The following morning she would again greet the dawn, eager to discover new delights in it. This, her third and last day of sight, she would spend in the work-a-day world, amid the haunts of busy people. Since her home is on Long Island, she chooses, naturally, the great metropolis nearby, where moves the great panorama of life. She would watch the boats on the river, see the great structures of iron and steel, and the skyscrapers. She would revel in the mass of color on the avenue. She would visit the slums, the factories, the parks where children play. She would see the seamy side of life - to make her compassionate. That night she would again run away to the theatre - to a hilariously funny play. The one earnest admonition she gives to those who have the gift of sight is this: "Use your eyes as if tomorrow you would be stricken blind. Your eyes would then touch and embrace every object that came within the range of your vision. Then, at last, you would really see, and a new world of beauty would open itself before you."
I came across her article quite by chance. I was waiting in the outer office of an eye specialist, and picked up the Reader's Digest, to pass away the time. I was waiting for this doctor's examination and verdict concerning our own child's eyes. Three years ago, at Christmas, our littlest one was practically blind from cataracts on both eyes. Through the marvelous science of surgery - and faith - the veil has been lifted to a great extent; and we, his parents, know the unspeakable joy of seeing him exult over, first, the green grass, then the bright colors of flowers; and now his picture books, and a thousand things the rest of us take for granted. Don't you pity him for one moment. God makes full compensation to all those who are in any way afflicted through no fault of their own. And Charlie's sunny spirit and dauntless courage are a constant challenge to the best in the rest of us. I wrote this, not as a mother, but just another person. These qualities of the spirit come from God Himself.

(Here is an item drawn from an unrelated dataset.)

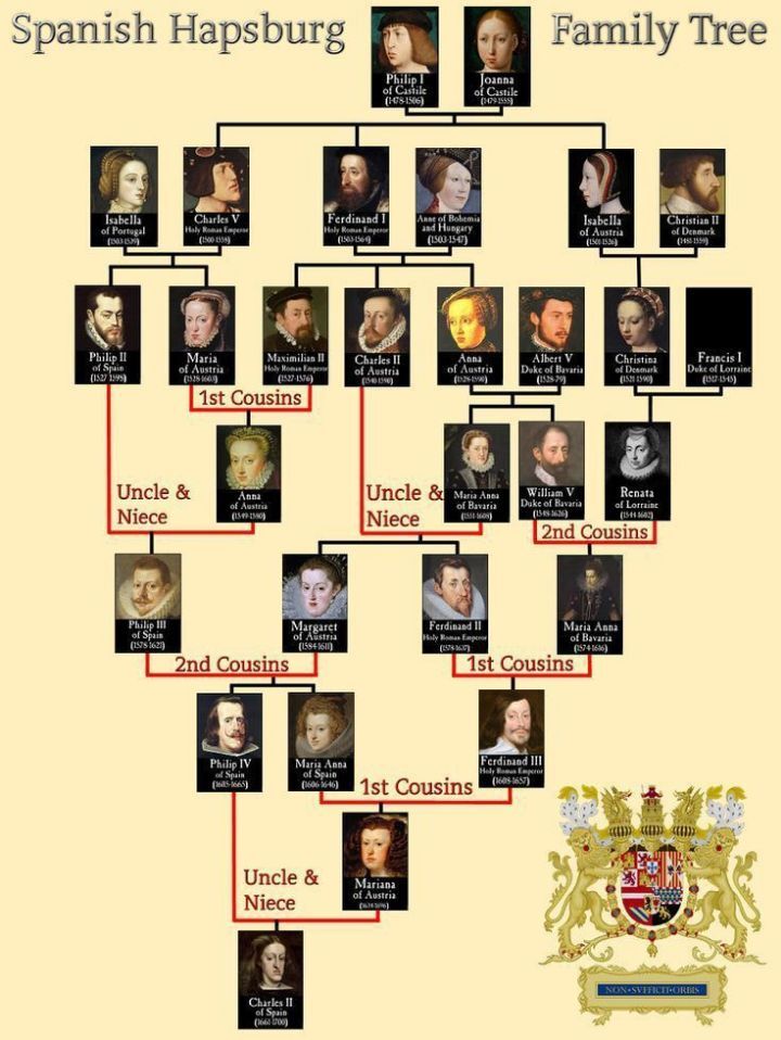 16세기부터 18세기 초까지 유럽(주로 스페인)을 통치했었던 합스부르크 왕가의 왕과 왕비는 근친혼으로 인해 "합스부르크의 턱" 이라고 불리는 유전병을 가졌다.

As we came home from Saltsburg, it rained all day, but late in the afternoon the sun burst forth, giving us a glorious rainbow in the eastern sky. When we spoke of it, Charles said, "Oh, yes," and named all the colors of the rainbow. But he wasn't even looking in the right direction. He will see it - eventually - and in the meantime there is a rainbow of hope and trust in his heart all the time. In this little incident, it seems to me, there is a lesson. In these times of stress and "dark skies," we must believe the rainbow is there, even if we can't see it.
May you all have a Happy Christmas, and in the New Year, not "three days to see," but three hundred sixty-five, and may we, above all else, see the good in each other.